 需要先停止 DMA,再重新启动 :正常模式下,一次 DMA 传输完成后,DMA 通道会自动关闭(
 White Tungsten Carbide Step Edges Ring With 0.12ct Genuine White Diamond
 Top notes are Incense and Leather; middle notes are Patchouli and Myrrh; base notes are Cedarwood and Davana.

——————

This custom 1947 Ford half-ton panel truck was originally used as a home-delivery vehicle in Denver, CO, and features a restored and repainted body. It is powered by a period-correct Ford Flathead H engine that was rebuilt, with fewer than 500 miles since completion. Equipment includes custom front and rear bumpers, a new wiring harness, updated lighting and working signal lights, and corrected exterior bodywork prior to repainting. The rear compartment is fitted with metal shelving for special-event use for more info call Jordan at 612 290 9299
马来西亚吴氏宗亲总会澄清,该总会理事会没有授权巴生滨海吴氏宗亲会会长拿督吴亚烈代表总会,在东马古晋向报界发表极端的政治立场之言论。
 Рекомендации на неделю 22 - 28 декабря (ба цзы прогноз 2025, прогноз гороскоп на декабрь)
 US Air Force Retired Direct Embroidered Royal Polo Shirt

——————

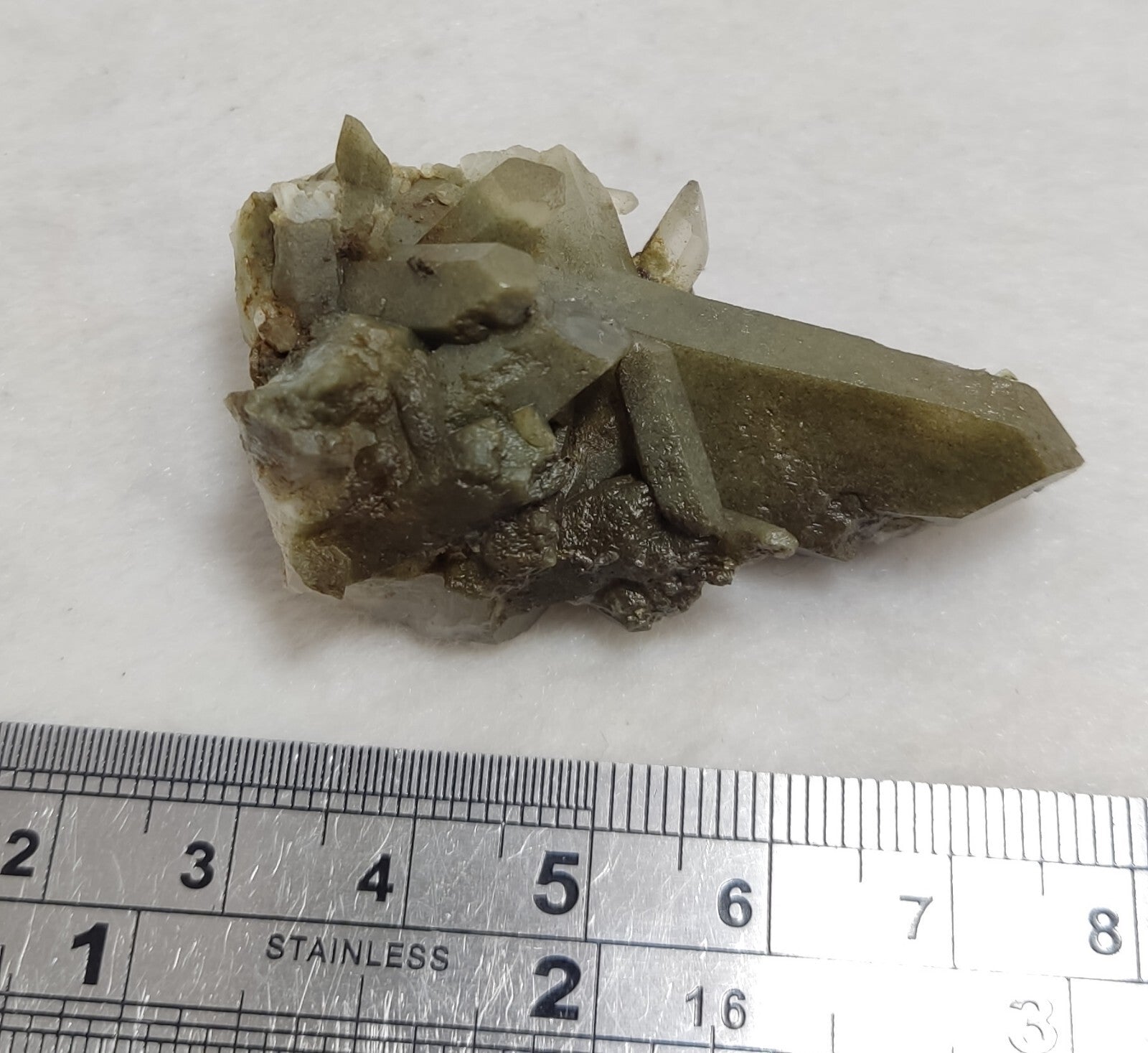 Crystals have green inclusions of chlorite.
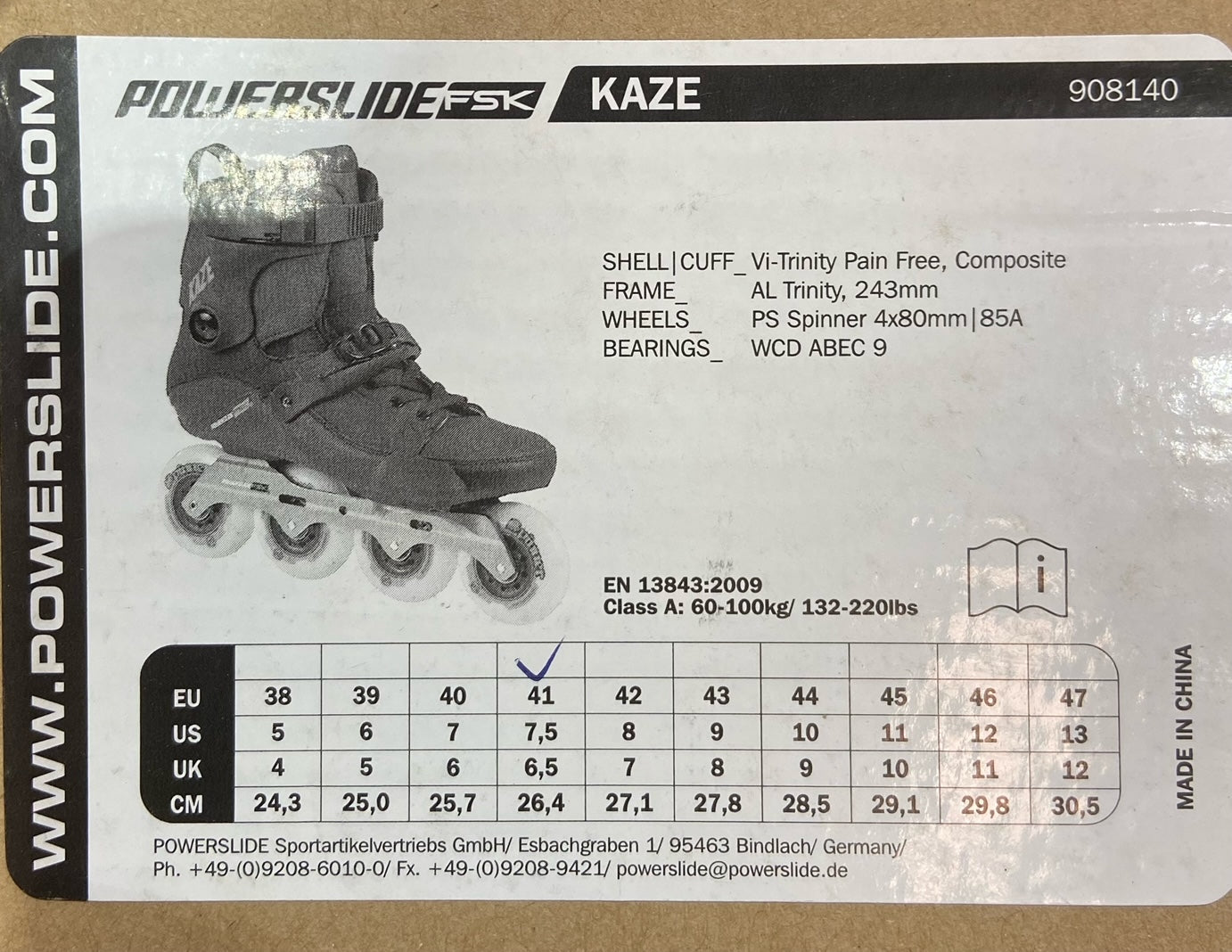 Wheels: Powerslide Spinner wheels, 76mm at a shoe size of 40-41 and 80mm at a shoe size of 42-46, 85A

——————

Where the listing above has a line with "需要先停止 DMA,再重新启动 :正常模式下,一次", start there, and output every line exactly through the line with "Top notes are", which is also included.

Response to this exercise:
 需要先停止 DMA,再重新启动 :正常模式下,一次 DMA 传输完成后,DMA 通道会自动关闭(
 White Tungsten Carbide Step Edges Ring With 0.12ct Genuine White Diamond
 Top notes are Incense and Leather; middle notes are Patchouli and Myrrh; base notes are Cedarwood and Davana.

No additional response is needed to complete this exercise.